Today my game, Dungeons of Edera, is leaving early access for its 1.0 update. This is my second full game release and I wanted to share my thoughts on how the Early Access period went to help anyone else who is currently developing their game.

You can view my retrospective on my Early Access release Here. https://www.reddit.com/r/IndieDev/comments/invj0k/1_week_retrospective_dungeons_of_edera_released/

Also available is the retrospective to my first game. https://www.reddit.com/r/gamedev/comments/bzy3hx/one_week_ago_i_launched_my_first_game_here_is_a/

I know a lot of folks just want some raw data, so let me get this out of the way.

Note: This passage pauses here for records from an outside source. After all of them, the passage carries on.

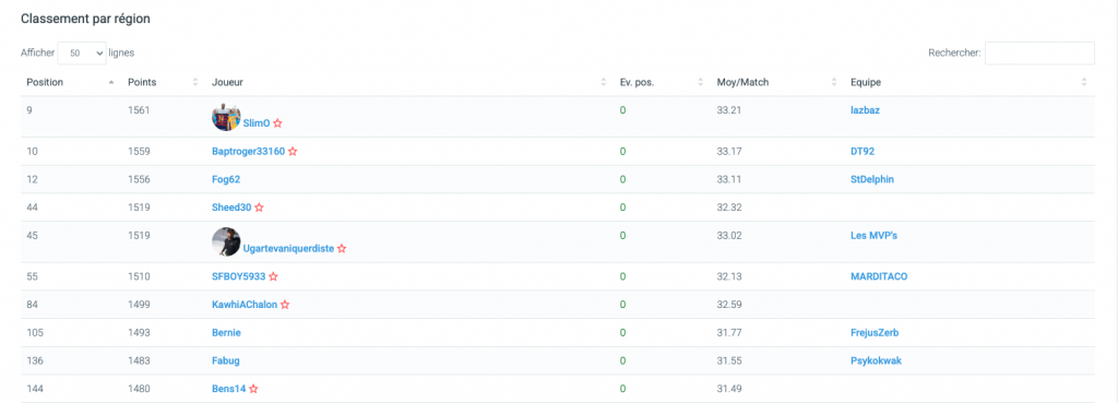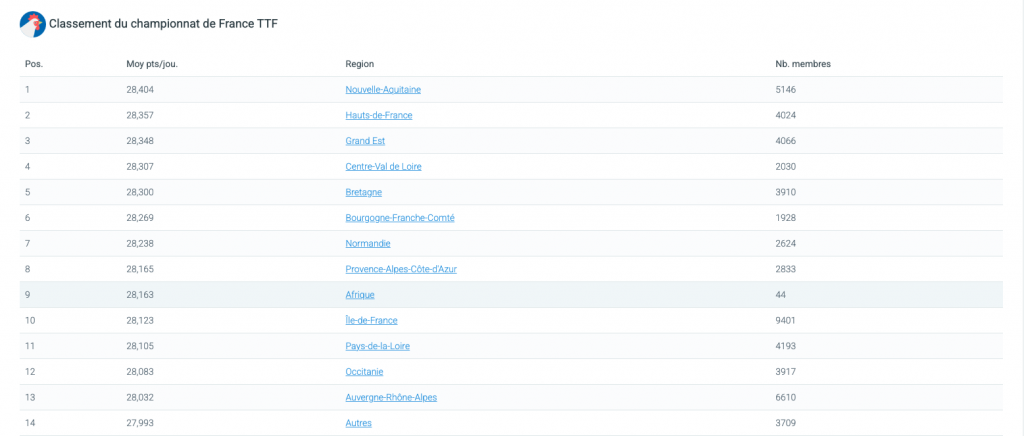 Si les régions s’affrontent, il existe aussi les classements internes. Les informations de ce classement sont les suivantes :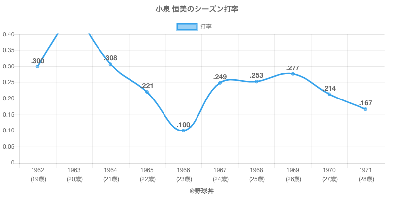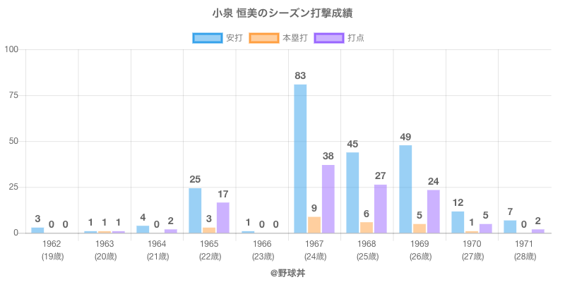 | 1971 | 中日ドラゴンズ | 44 | 42 | .167 | 7 | 0 | 2 |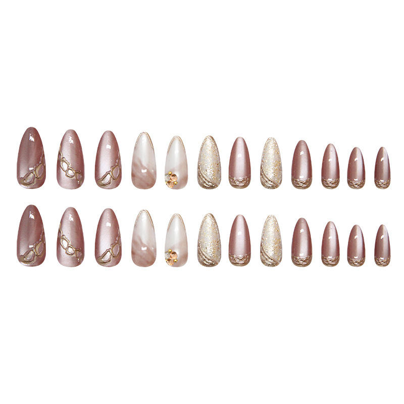 24 Uds. Puntas de uñas postizas degradadas marrones, Ojo de Gato portátil, prensa de almendras en las uñas, diseño de purpurina, juegos de uñas reutilizables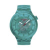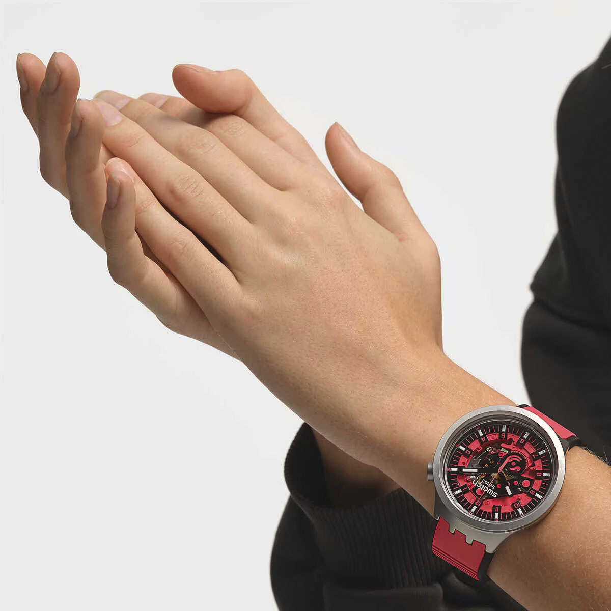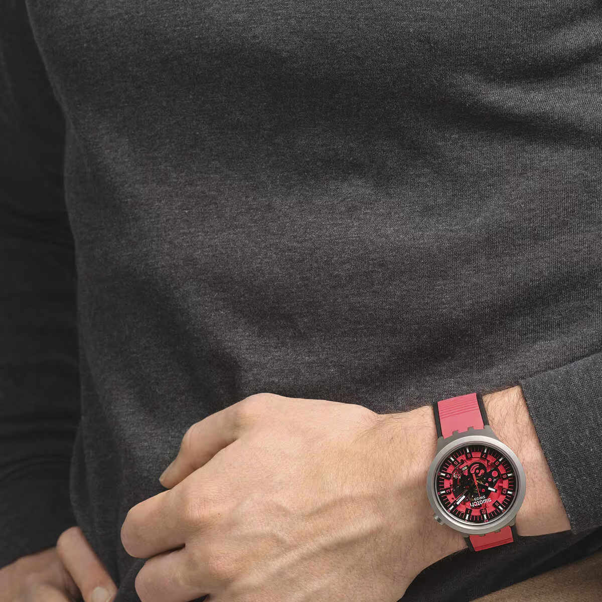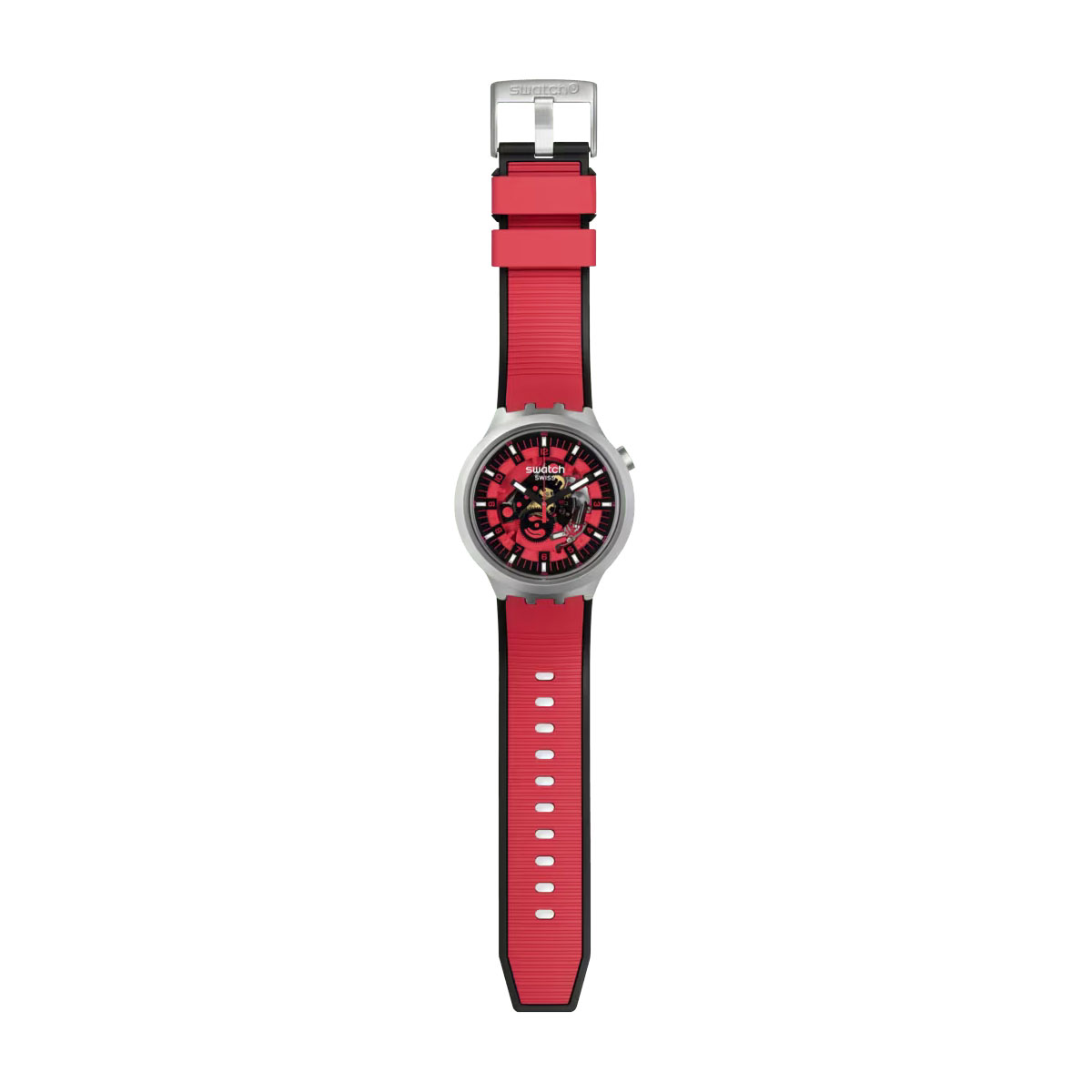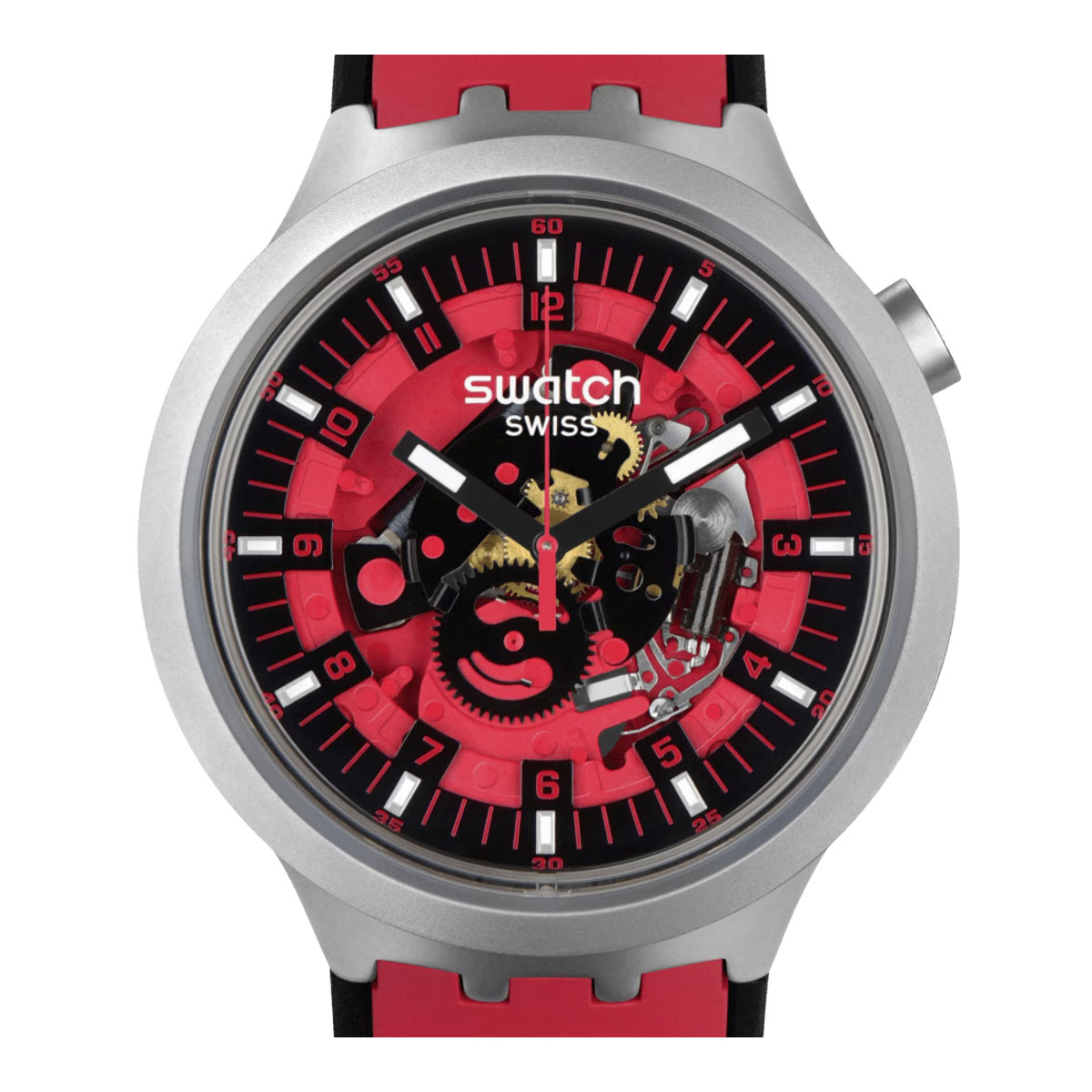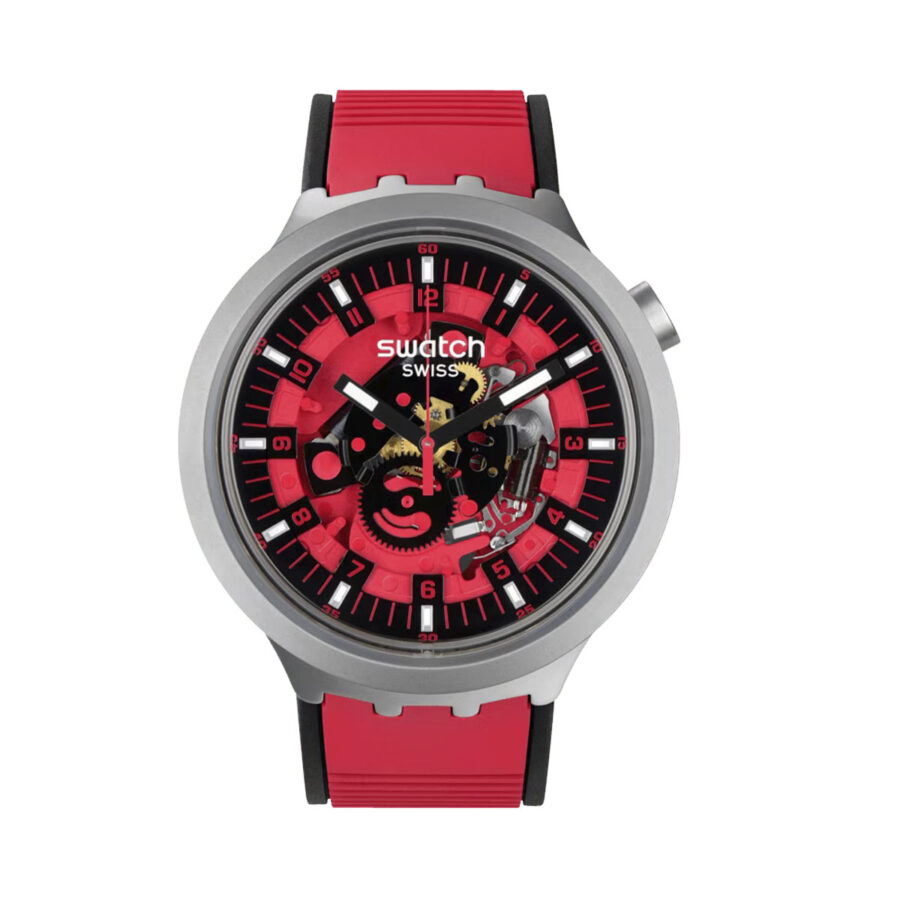 Este reloj de gran tamaño incluye una esfera negra abierta con manecillas que brillan en la oscuridad en una caja de metal pulido. Este reloj rojo de gran tamaño incluye una resistente correa estructurada y dos trabillas.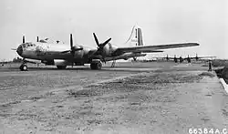 At Walker, it received its initial cadre from elements of the 40th Bombardment Group and began to fly a mix of Martin B-26 Marauders and Boeing B-17 Flying Fortresses.[1][2] Delays in producing the B-29, labor disputes at the engine manufacturer, and modifications to the planes to make them ready for combat resulted in belated deliveries to combat units and it was close to the end of 1943 before aircrews could train in the new bomber in any number. Ground echelon personnel began shipping out in December 1943 to prepare the airfields for the bombers without completing their training in the United States.[4] The air echelon of the squadron trained with the B-29 at Walker until March 1944, when it departed for its first overseas base, Piardoba Airfield, Bengal, India,[1] to participate in Operation Matterhorn, which called for B-29 attacks from advanced bases in China, while the bombers' main bases were in India.[5]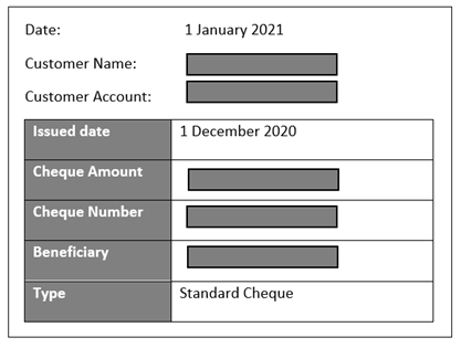 A Standard Stop Cheque is automatically linked to the customer’s transactional account.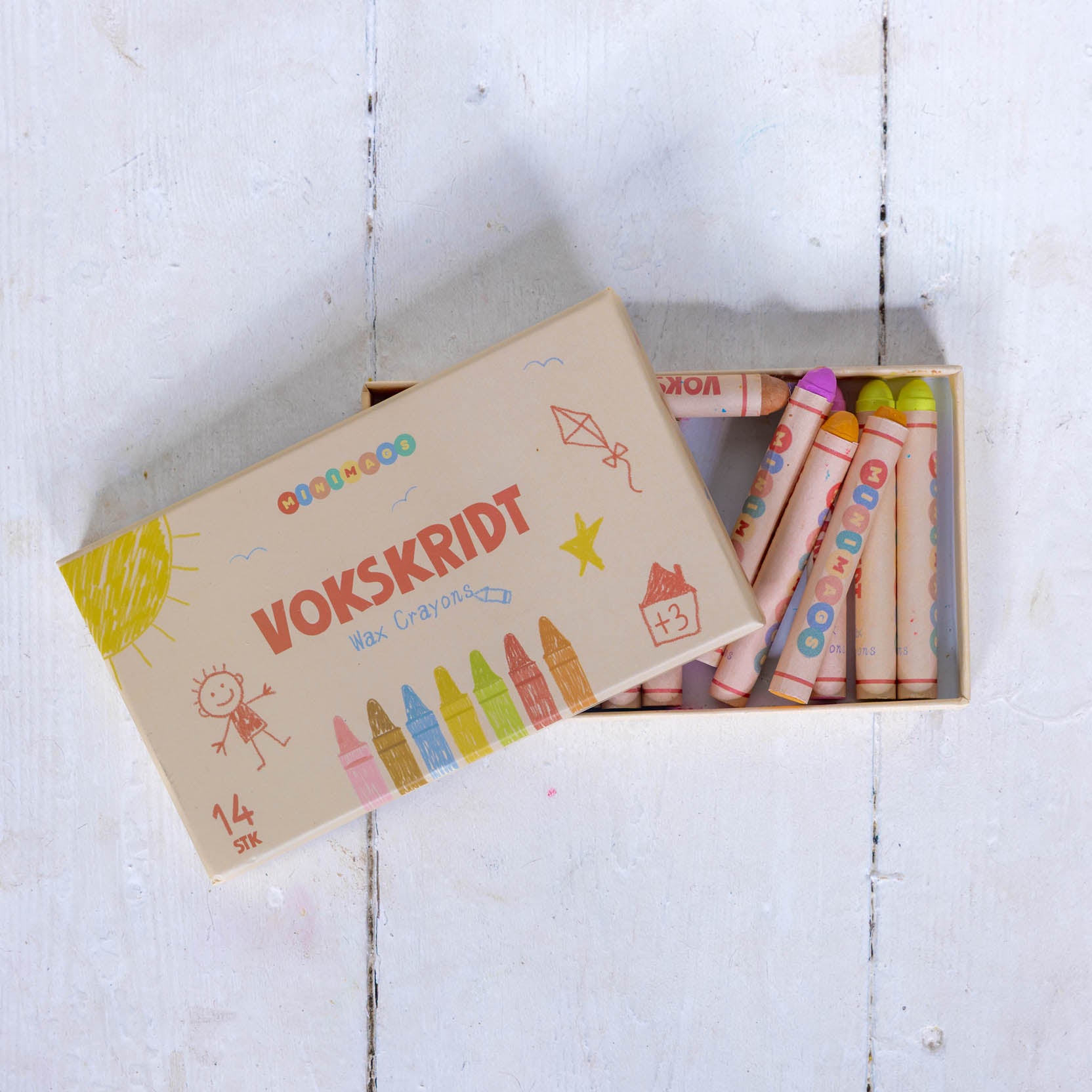 Ja, det kan de sagtens! De tegner rigtig fint på almindeligt papir, og kan også bruges på andre glatte overflader – endda i badet. De fungerer som klassiske vokskridt, men det, der gør vores særlige, er at de er vaskbare – så hvis børnene tegner ud over stregerne, kan det nemt fjernes igen.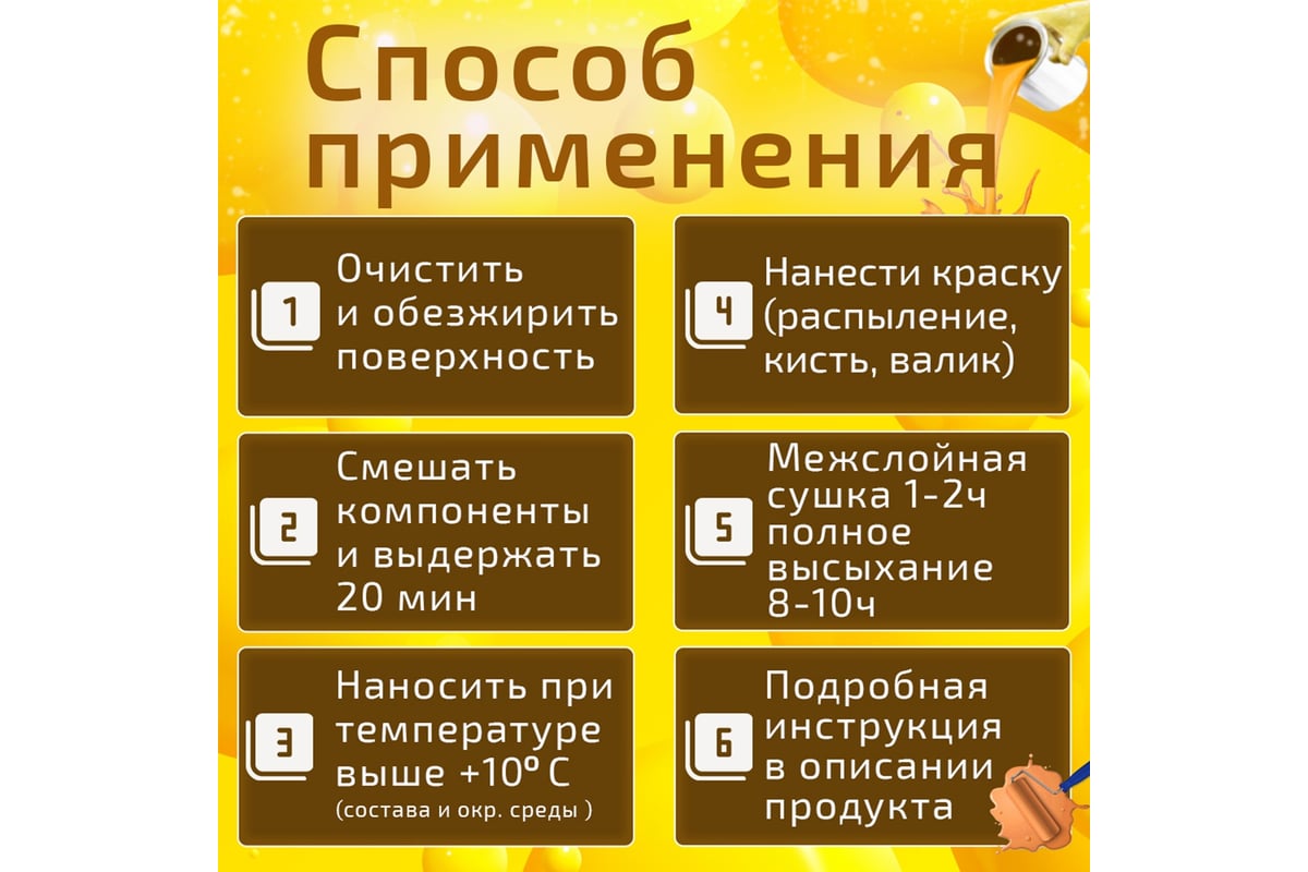 Прочность и эластичность. Покрытие образует прочную и эластичную плёнку, которая устойчива к механическим воздействиям, влаге и ультрафиолетовому излучению. Глянцевая поверхность. Эмаль обладает высокими декоративными свойствами и придаёт изделиям глянцевый блеск. Отличная адгезия. Материал хорошо сцепляется с различными поверхностями, обеспечивая надёжное и долговечное покрытие. Устойчивость к атмосферным воздействиям. Покрытие не боится перепадов температур, влажности и агрессивных сред, что делает его идеальным для использования на открытом воздухе. Быстрое высыхание. Время высыхания покрытия составляет всего 30 минут от пыли, 2 часа на отлип и 6 часов до монтажной твёрдости. Это позволяет значительно ускорить процесс обработки изделий. Обеспечивает равномерное нанесение и хорошую укрывистость.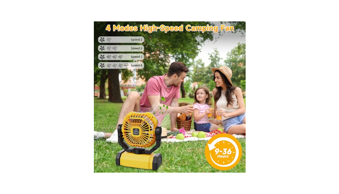 4 Speeds & 3 Lights Cordless Fan: Camping fan is designed with strong winds and camping Lantern. 4 speeds adjustable can meet your different needs in outdoor or indoor. 3 LED lantern modes can provide a portable light source for your night activities. The lowest brightness is suitable for night reading, the highest brightness can illuminate the entire tent.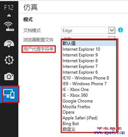 3)在桌面IE模式中,按键盘“F12”按钮调出左侧;黑色菜单,如右图,选择最后一项,将用户代理;字符串选择为IE10、IE8、IE7、IE6试试。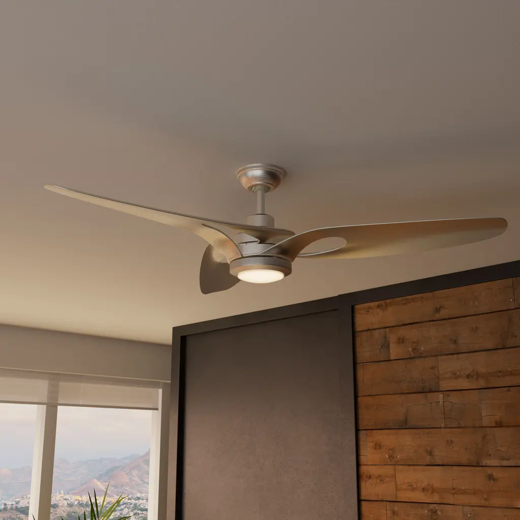 Infuse a touch of modern sophistication into your outdoor spaces with the Inez Outdoor Ceiling Fan. Designed with energy efficiency in mind, this ENERGY STAR certified fan is 64% more efficient, powered by a whisper-quiet 6-speed Eco Whisper DC motor. Perfectly damp-rated for covered patios or porches, it ensures long-lasting performance. Illuminate your evenings with the included 20W energy-efficient LED bulb, or opt for a cleaner, more minimalist look using the included No Light Cap. Seamlessly controlled with the included wall control, the Inez transforms your space into a serene retreatoffering effortless comfort, energy savings, and refined outdoor style.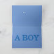 Une simple carte de voeux de faire-part de naissance de bébé dans la couleur du haut et du bas est bleue avec les mots Un GARÇON dans le bleu contrasté

  • Development Time: Approximately Three Years (Nights/Weekend Passion Project, I work full time as a TPM)
  • Team Size: 1 Developer, 1 Writer, 2 Level Designers, 1 Social Media Manager, 1 Intern
  • Gross Revenue: $520,744
  • Net Revenue: $383,615 (less returns, chargeback and taxes)
  • After Steams Cut: $268,530
  • Current Wish lists: 56,628
  • Lifetime Conversion Rate: 17.6% (average according to steam)
  • Total Units Sold: 38,584
  • Total Returns: 6,786 (17.6% - strangely enough, it’s the same as wishlist conversion)
  • Median time played: 1 hour 56 minutes (steams return policy is 2h of game play)
  • Reviews: 639 80% Very Positive

Okay, if you're still reading this, you actually give a crap about my thoughts. Your mistake.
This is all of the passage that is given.